__Required work__:
Set out exactly every line of the entries below, starting at the line that holds "传媒ETF和纳指ETF,涨了" and stopping after the line that holds "À l'étage, accessible".

__Exercise data__:
============

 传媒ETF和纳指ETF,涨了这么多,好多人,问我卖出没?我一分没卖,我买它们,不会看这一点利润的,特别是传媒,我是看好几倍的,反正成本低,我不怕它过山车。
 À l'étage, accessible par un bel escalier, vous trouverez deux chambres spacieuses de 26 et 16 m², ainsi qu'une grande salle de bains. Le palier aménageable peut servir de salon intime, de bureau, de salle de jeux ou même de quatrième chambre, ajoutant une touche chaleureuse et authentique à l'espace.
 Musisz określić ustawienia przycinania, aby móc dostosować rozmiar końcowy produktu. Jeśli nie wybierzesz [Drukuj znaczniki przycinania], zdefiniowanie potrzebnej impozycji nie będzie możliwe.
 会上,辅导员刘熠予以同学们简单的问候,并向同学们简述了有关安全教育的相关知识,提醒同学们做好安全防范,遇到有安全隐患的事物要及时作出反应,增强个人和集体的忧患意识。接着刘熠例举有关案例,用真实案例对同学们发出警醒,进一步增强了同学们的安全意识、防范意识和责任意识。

============

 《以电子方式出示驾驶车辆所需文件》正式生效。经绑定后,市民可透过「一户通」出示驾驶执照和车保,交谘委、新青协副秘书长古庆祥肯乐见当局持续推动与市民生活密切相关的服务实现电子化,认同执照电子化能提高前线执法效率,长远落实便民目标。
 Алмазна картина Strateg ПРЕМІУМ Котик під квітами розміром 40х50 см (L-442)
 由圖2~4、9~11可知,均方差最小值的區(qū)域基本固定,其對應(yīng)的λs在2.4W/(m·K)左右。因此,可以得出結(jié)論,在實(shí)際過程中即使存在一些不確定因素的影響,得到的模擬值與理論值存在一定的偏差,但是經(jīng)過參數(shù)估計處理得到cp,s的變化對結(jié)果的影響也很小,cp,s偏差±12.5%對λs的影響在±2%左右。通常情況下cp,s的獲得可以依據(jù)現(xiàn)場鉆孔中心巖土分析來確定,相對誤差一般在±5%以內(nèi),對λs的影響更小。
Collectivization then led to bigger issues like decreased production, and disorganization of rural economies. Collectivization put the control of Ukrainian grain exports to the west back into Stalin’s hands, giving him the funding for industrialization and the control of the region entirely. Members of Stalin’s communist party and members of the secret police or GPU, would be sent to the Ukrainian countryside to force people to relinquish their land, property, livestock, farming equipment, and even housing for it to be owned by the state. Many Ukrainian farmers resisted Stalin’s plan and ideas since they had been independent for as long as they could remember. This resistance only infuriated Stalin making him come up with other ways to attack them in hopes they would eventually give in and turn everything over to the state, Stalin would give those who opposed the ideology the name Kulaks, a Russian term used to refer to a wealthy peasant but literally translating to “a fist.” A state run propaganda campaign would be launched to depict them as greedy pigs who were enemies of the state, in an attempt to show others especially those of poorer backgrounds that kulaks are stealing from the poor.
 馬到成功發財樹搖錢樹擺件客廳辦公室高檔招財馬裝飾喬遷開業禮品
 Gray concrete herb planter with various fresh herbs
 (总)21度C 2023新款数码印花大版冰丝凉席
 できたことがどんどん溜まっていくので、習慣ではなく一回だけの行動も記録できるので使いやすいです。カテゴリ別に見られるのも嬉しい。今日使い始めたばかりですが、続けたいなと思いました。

============

__Response__:
 传媒ETF和纳指ETF,涨了这么多,好多人,问我卖出没?我一分没卖,我买它们,不会看这一点利润的,特别是传媒,我是看好几倍的,反正成本低,我不怕它过山车。
 À l'étage, accessible par un bel escalier, vous trouverez deux chambres spacieuses de 26 et 16 m², ainsi qu'une grande salle de bains. Le palier aménageable peut servir de salon intime, de bureau, de salle de jeux ou même de quatrième chambre, ajoutant une touche chaleureuse et authentique à l'espace.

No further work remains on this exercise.